Memory / LowMemoryLimit: it's a percentage of physical memory that defines the point at which server is low on memory. Default is 75 (75%) that's is not good in two cases. First, if you have other processes on the same machine, you could prefer to lower this setting. Second, really important: if you have 8Gb of RAM and a 32-bit operating system, than the limit is defined by default at 6Gb, a measure that a 32-bit process can't reach.. so SSAS will continue to allocate memory until an out of memory is raised by the operating system. A big problem! So if you have a similar configuration, consider to lower this setting to 18 (around 1.4Gb) or a bit higher if you enable the /3Gb option. To find the right number try to calculate the percentage of RAM memory necessary to have 1.4Gb as result.

Memory / TotalMemoryLimit: it's a percentage of physical memory that the server will use at maximum. Problems are analogous to LowMemoryLimit: in a 32bit server with more than 2Gb of RAM you would definitely lower this number. In a 8Gb server I put the value of 20 (1.6Gb). To find the right number try to calculate the percentage of RAM memory necessary to have 1.4Gb as result.

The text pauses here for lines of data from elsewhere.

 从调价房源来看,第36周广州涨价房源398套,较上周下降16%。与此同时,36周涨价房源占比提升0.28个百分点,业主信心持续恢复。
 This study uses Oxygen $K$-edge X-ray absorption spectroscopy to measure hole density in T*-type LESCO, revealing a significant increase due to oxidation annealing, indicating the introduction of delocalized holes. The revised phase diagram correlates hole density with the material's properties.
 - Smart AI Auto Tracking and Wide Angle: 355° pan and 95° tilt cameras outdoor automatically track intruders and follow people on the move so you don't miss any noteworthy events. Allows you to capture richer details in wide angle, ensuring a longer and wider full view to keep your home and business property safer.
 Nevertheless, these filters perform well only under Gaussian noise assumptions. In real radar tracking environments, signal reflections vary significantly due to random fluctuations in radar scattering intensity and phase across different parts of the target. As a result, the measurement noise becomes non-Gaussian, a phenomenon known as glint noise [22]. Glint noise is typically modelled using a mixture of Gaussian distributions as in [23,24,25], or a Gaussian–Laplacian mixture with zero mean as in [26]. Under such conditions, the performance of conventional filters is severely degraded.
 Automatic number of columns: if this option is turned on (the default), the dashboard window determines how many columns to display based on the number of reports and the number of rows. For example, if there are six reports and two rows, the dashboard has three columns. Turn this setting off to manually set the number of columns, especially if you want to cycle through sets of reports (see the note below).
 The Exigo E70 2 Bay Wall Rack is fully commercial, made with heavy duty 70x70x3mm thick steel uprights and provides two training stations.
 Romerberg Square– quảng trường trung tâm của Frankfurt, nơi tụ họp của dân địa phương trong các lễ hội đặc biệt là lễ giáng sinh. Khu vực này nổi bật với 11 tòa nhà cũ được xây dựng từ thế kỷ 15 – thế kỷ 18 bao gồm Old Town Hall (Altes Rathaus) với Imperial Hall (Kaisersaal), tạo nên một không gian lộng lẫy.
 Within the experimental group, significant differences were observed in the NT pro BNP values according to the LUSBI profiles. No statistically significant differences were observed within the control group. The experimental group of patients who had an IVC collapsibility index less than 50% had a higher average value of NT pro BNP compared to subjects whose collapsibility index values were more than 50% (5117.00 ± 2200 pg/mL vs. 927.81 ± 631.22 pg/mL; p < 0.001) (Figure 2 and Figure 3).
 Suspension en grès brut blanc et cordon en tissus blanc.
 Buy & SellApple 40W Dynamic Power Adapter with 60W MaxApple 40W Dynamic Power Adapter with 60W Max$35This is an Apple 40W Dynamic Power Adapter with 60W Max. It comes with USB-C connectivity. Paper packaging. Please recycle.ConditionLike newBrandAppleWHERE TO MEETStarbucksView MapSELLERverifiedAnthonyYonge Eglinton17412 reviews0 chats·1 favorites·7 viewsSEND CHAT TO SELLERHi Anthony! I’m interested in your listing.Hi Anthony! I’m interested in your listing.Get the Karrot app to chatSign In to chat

I've been conservative in my calculations. A /3Gb option should allow higher numbers than mine. A 64bit server is immune of this kind of miscalculations...

UPDATE: I received this comment directly from Eric J. of Microsoft. Your recent post regarding AS2005 memory usage is incorrect.  Memory values are calculated as percentage of min( virtual, physical ), or if greater than 100.0 an absolute value is used (scientific notation is supported in the config file).  The defaults have been found to work well in a variety of scenarios, but there are cases where lower or higher values would work better.  AS2005 administrators may want to monitor the perfmon counters in MSAS2005 Memory.

I need to further investigate on it. More info coming soon, I hope.